The incident was noticed in China.
According to U.S. officials Beijing made a formal written complaint within days. U.S. officials also brought up the matter. China summoned Ambassador Nicholas Burns to an emergency meeting after Speaker Pelosi visited Taiwan. One of the officials stated that Nicholas Burns was called by China’s Foreign Ministry.
China’s foreign ministry said to the AP it has zero tolerance of illegal fishing. The U.S., however, is breaking international norms by unauthorized inspections that do not follow COVID protocols. These could put lives at stake for seafarers.
“The United States behavior is unsafe, opaque, unprofessional,” the foreign ministry stated in a statement sent to the AP. “We demand that the U.S. stop its dangerous, erroneous inspections.”
In this photo made available by the U.S. Coast Guard, guardsmen from the cutter James conduct a boarding of a fishing vessel in the eastern Pacific Ocean, on Aug. 3, 2022. (AP)
Coast Guard refutes this assertion.
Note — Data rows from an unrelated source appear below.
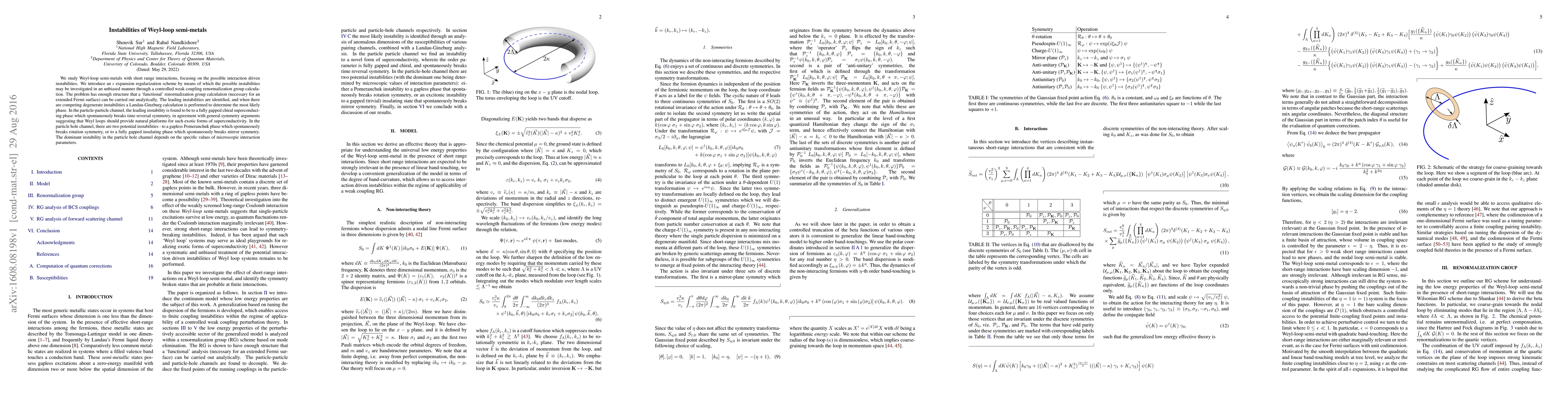 We study Weyl-loop semi-metals with short range interactions, focusing on the possible interaction driven instabilities. We introduce an $\epsilon$ expansion regularization scheme by means of which the possible instabilities may be investigated in an unbiased manner through a controlled weak coupling renormalization group calculation. The problem has enough structure that a `functional' renormalization group calculation (necessary for an extended Fermi surface) can be carried out analytically. The leading instabilities are identified, and when there are competing degenerate instabilities a Landau-Ginzburg calculation is performed to determine the most likely phase. In the particle-particle channel, the leading instability is found to be to a fully gapped chiral superconducting phase which spontaneously breaks time reversal symmetry, in agreement with general symmetry arguments suggesting that Weyl loops should provide natural platforms for such exotic forms of superconductivity. In the particle hole channel, there are two potential instabilities - to a gapless Pomeranchuk phase which spontaneously breaks rotation symmetry, or to a fully gapped insulating phase which spontaneously breaks mirror symmetry. The dominant instability in the particle hole channel depends on the specific values of microscopic interaction parameters.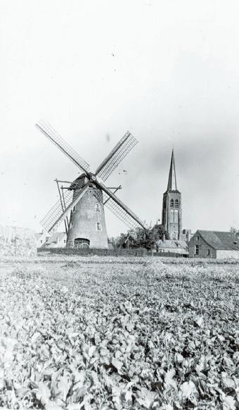 Er zijn maar weinig foto’s waarop de Willibrorduskerk én molen De Onvermoeide aan de Heuvelstraat samen staan afgebeeld. Bijgaande foto uit 1948 van Harrie Sevens vanuit de toen nog onbebouwde Vroonacker is er zo één.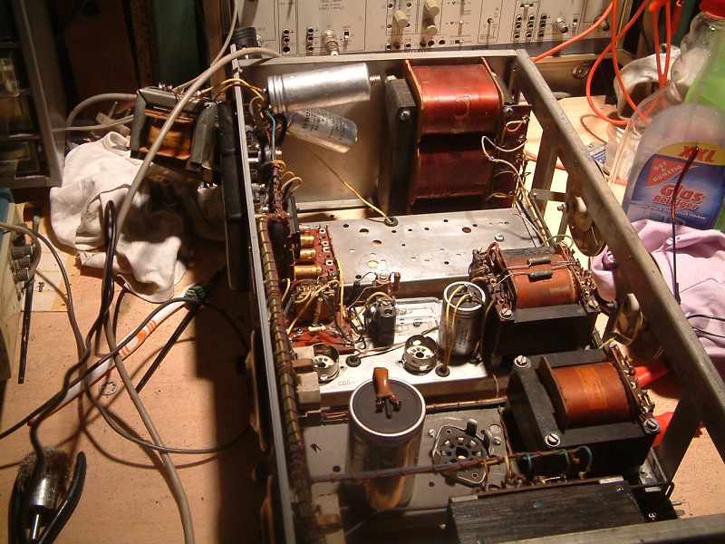 Die EL34 wird erneuert. Die beiden ECC81 sind gut. Restauration läuft
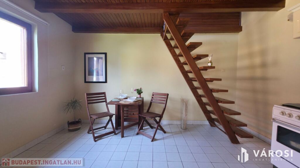 Az alsó szinten konyha és étkező került kialakításra, külön helyiségben a zuhanyzó és wc (teraszon keresztül megközelíthető), a felső szinten egy nagy szoba került kialakításra, mely egy fa lépcső segítségével megközelíthető.

All members of the board team were also vaccinated.
The Biden administration also reported possible violations found on the two boats it checked to the South Pacific Regional Fisheries Management Organization or SPRFMO. This 16-member organization, which includes China and the U.S., is responsible for ensuring sustainable fishing in 53,000,000 square kilometers of ocean.
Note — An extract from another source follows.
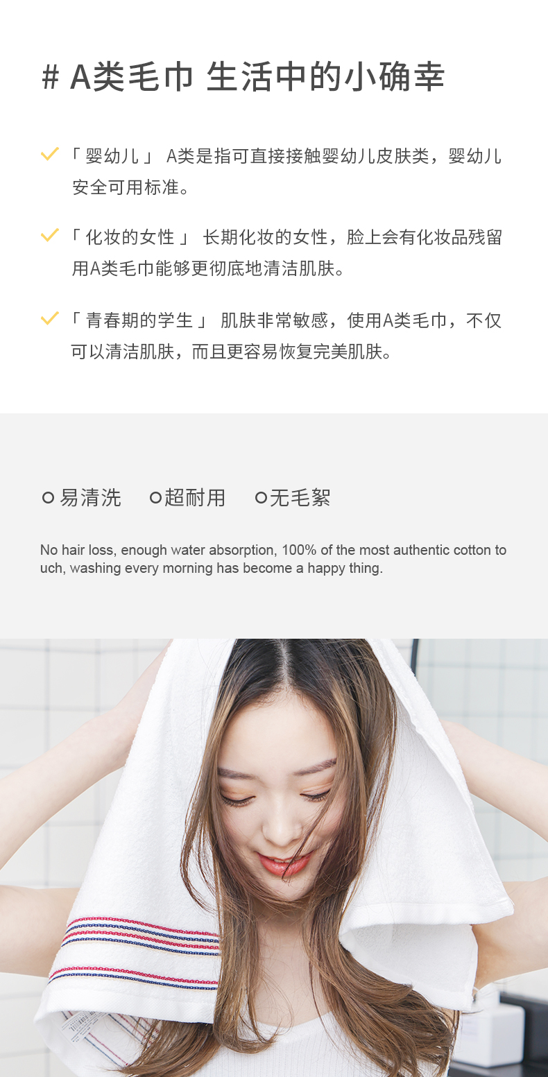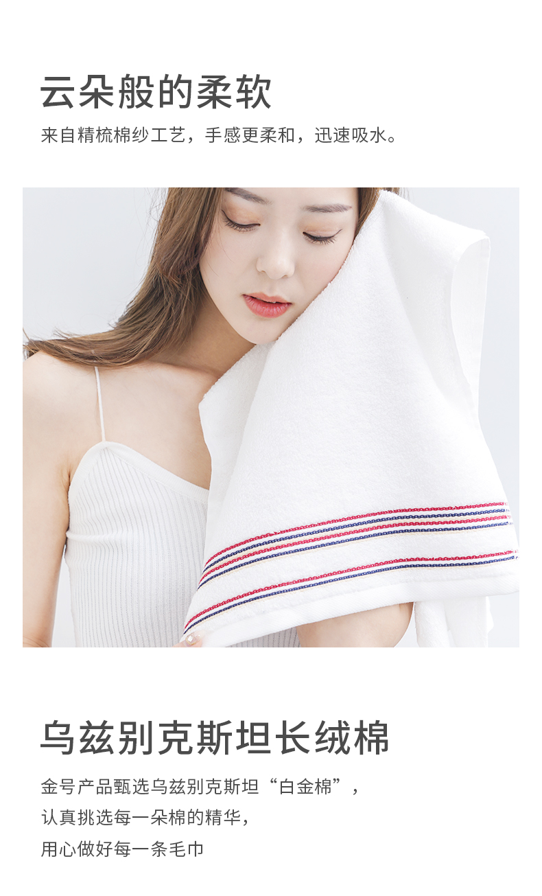 金号A类毛巾纯棉面巾1条装全棉洗脸家用情侣加厚柔软吸水不掉毛单价:9.90/件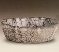 口为八瓣花形,壁斜收,亦做出凹凸稜线。平底,有六个支钉痕,断面可见铁黑色胎骨。通体青灰釉,开黑色网状纹。葵花洗,花口洗的一种,形状通常为五至十个花瓣形,传世品中宋代汝、哥、官等窑均有烧造。

One of the most serious allegations is against the Yong Hang 3. This refrigerated cargo vessel was used to transport fish to China. The vessel was flagged after it ran from the Coast Guard Patrol, disobeying maritime authorities in Panama. Certain vessels, including refrigerated cargo vessels are often flagged under other flags. However, they are managed and docked at China.
China’s communist government won’t punish a fleet 3,000 fishing boats it sees as an extension to its growing naval prowess. It will, however, likely use generous fuel subsidies and state loans to compensate.
According to Lt. Stowes the Coast Guard’s patrol was carefully planned. The United States notified fisheries officials over a year before that it was planning to conduct boardings in the region. Papers were filed showing photographs of the badges that the crew would wear as well as the blue-and white checkered flag the cutter would fly. Similar paperwork has been filed by five other countries including New Zealand and Chile under rules that permit members fishing in South Pacific to inspect each another’s vessels.
Stowes said, “Just our being there and doing the boards really makes a statement.”
At-sea inspections help to confirm that fishing vessels follow rules regarding forced labor, environmental hazardous gear, and the targeting endangered species such as sharks.
China has repeatedly blocked efforts for strengthening inspection procedures in south Pacific. China’s latest stonewalling was in 2013, when it claimed that fishing boats would be at greater risk if firearms were allowed on at-sea patrols.
Rules that were adopted unanimously in 2011 follow a 1995 United Nations treaty called the Fish Stocks Agreement. This allows inspectors to use limited force to keep safe.
A State Department official stated to AP that it sent a sternly written diplomatic note reminding Beijing not only of its international obligations but also the long history of labor abuses.
Biden’s administration is also considering whether to seek to have illegal fishing vessels blacklisted and prevented from returning to the South Pacific at an upcoming meeting of Ecuador’s fishing management organization.